The rising time of the analog pixel is typically 23ns. If I set the ADC clock phase so that its rising edge (beginning of the hold phase) is at 23 ns, the sampling switch will actually be fully open 4 ns later (aperture delay specification), which give me 23 + 4 = 27 ns. As you can see, this is too long, as the analog image sensor is already outputing its next pixel at 25 ns. 

So in order to avoid that, my idea is to change the ADC clock phase so that is rising edge is at 19ns, which means the sampling switch will be fully open at 23 ns. Can I do this and simply compensate the aperture delay by anticipating it, or is there another concern I should be aware of?

If I anticipate it like I described above, the analog pixel will continue to rise while the sampling switch is opening ; can this cause an error? Which value will be sampled by the ADC?

In a few words, does my analog signal need to be stabilized before the aperture delay phase begins?

Best regards,

Maxime Puech

  • 0
    TI__Expert 7725 points

    Hi,

    Your methodology should be fine. You can say sample at 20ns and after aperture delay sampling will happen. Also in the datasheet you can see there is a spec for aperture delay variation (2.5ns) . So considering this you have to calibrate each device .

    One more point to consider , device has 550MHz input bandwidth. Your  analog pixel output bandwidth should be less than that to sample the point correctly .

    One general question :

    Why are you particular about sampling point . Your input information is preserved if you follow nyquist rule . What would be the analog pixel output bandwidth ? 

  • 0 in reply to Sachin H K
    Prodigy 220 points

    Hi Sachin,

    Thank you for your answer. 

    If I understood well, I can consider that the aperture delay is only a delay, and that it does not introduce an additional error on the value of the sampled signal. My concern was that the value of the sampling would be slighly affected by the fact that the sampling capacitor was charged through the increasing impedance of the sampling switch opening gradually during the aperture delay. 
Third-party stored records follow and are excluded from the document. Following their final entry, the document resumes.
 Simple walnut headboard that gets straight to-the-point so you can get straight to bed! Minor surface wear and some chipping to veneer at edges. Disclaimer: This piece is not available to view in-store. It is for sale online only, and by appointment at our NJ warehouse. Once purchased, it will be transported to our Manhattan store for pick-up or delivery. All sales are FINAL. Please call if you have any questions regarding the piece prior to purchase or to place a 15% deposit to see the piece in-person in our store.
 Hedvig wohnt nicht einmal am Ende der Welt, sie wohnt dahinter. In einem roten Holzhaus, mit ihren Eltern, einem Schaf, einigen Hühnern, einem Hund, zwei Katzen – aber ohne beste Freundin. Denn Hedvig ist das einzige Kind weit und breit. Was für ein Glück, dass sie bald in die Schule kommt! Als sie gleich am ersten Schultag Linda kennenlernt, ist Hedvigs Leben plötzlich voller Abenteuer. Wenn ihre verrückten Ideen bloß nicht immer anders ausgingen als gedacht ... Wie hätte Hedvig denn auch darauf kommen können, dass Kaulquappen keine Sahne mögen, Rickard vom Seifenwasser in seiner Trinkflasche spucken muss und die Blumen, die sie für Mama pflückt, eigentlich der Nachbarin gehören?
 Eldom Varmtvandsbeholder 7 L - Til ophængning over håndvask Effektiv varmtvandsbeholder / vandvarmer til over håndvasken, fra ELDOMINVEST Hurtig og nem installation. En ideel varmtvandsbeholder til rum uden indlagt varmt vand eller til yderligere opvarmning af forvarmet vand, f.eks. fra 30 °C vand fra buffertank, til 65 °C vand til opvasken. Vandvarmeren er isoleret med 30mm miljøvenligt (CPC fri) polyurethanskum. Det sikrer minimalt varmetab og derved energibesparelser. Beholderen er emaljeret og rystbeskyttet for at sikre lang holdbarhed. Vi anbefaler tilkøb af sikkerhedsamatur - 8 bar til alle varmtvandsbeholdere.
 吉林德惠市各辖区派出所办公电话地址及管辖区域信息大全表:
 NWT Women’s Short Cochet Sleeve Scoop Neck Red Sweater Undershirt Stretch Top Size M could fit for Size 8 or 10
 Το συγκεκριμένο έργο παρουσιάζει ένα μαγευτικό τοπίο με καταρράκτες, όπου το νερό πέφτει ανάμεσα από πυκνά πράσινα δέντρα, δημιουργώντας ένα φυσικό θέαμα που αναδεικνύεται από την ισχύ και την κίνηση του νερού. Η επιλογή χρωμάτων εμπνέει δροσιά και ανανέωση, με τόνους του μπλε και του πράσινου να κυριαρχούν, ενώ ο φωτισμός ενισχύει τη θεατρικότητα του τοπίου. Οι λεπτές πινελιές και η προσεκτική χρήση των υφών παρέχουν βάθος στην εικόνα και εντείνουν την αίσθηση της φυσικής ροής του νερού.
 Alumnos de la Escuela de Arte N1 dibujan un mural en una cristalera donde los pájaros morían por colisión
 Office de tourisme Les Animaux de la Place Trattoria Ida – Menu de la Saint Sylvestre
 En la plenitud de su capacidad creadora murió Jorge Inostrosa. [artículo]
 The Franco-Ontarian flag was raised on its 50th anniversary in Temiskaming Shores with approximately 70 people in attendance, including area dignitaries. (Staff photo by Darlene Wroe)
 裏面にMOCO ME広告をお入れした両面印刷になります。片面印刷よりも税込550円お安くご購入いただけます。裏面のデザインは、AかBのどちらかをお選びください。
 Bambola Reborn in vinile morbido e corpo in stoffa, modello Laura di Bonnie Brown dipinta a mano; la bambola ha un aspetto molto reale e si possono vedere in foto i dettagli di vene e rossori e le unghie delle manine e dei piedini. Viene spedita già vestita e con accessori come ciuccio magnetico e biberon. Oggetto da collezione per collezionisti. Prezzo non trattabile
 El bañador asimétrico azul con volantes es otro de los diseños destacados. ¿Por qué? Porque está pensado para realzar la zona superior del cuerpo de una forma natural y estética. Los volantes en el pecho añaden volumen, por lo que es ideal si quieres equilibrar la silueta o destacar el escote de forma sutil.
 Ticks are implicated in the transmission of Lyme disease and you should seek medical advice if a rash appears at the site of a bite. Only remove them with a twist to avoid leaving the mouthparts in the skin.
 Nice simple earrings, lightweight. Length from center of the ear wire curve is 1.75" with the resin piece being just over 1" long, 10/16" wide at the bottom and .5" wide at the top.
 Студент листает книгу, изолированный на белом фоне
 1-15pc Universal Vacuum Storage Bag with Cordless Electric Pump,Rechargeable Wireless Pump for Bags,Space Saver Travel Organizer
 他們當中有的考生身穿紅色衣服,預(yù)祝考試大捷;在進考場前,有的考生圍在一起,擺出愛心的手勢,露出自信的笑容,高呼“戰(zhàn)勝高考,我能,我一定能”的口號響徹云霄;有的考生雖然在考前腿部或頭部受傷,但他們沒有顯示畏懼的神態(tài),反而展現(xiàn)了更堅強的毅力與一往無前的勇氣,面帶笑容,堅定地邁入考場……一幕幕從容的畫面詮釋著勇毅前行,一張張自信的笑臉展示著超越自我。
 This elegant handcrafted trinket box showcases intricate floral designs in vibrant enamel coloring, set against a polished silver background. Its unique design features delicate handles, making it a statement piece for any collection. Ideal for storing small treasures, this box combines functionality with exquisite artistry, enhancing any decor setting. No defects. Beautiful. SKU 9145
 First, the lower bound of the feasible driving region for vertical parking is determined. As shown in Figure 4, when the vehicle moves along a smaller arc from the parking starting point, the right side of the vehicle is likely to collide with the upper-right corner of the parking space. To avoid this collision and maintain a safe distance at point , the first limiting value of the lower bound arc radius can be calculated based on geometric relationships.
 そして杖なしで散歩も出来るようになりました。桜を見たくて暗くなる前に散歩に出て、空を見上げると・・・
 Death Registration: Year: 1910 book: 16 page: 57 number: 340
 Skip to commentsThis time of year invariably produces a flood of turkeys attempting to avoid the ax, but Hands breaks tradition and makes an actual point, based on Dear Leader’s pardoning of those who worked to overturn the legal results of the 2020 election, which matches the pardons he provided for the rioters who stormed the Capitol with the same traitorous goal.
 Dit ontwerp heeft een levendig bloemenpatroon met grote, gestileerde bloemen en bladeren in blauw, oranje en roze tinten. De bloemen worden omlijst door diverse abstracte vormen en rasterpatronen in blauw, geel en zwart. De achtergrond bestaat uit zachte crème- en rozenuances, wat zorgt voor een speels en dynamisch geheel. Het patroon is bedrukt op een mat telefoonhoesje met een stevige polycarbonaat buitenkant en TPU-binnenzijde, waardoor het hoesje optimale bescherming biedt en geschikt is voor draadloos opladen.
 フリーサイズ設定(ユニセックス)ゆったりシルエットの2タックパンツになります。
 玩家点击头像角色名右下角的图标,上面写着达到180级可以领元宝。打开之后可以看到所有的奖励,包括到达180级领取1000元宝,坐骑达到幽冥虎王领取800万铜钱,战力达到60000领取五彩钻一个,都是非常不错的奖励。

    Now, to answer your question, the output frequency of the analog image sensor is 40 MHz. But it has 23 ns rising edges (0.1% to 99.9%), which gives an equivalent frequency of about 50 MHz ( BW(-3dB) = 1.1 / settling_time(0.1% to 99.9%) ). Therefore, if we wanted to respect the Nyquit rule, we would need to sample with a frequency bigger than 2*50 = 100 MHz.

    We do not want to to this for 2 reasons : 

    1. A bigger than 100 MHz sampling frequency would be very complex to achieve because we need 8 channels acquire 14 bits in the same time. It would require a way more expansive ADC, and also an interface and a FPGA that can deal with this troughput. 

    2. We do not care about the value of the analog pixel when it is in its rising/falling phase, and therefore we do not want to sample it. The only valuable information given by the analog pixel is when the pixel is settled after 23 ns. Because the image sensor is outputing pixels at a fixed frequency, we thought that if we correclty set the sampling point to happen after the pixel is settled, we can afford not to respect the Nyquist rule and use a 40 MHz sampling frequency.

    Do you think this approach is correct?

    You'll find below a graph showing the image sensor signal vs the ADC sampling clock (sorry about the french, but I think you'll get the idea)

    Best regards,

    Maxime Puech

  • 0 in reply to Maxime Puech1
    TI__Expert 7725 points

    You need to obey Nyquit rule if you want to reconstruct the signal back as it is . But if your analog sensor output is low frequency then you can just sample it without doing this delay calibration and get back the signal. Only high frequency content in signal will go away.

    What is the frequency of analog output if you assume the output rise time is 0 instead of 23ns?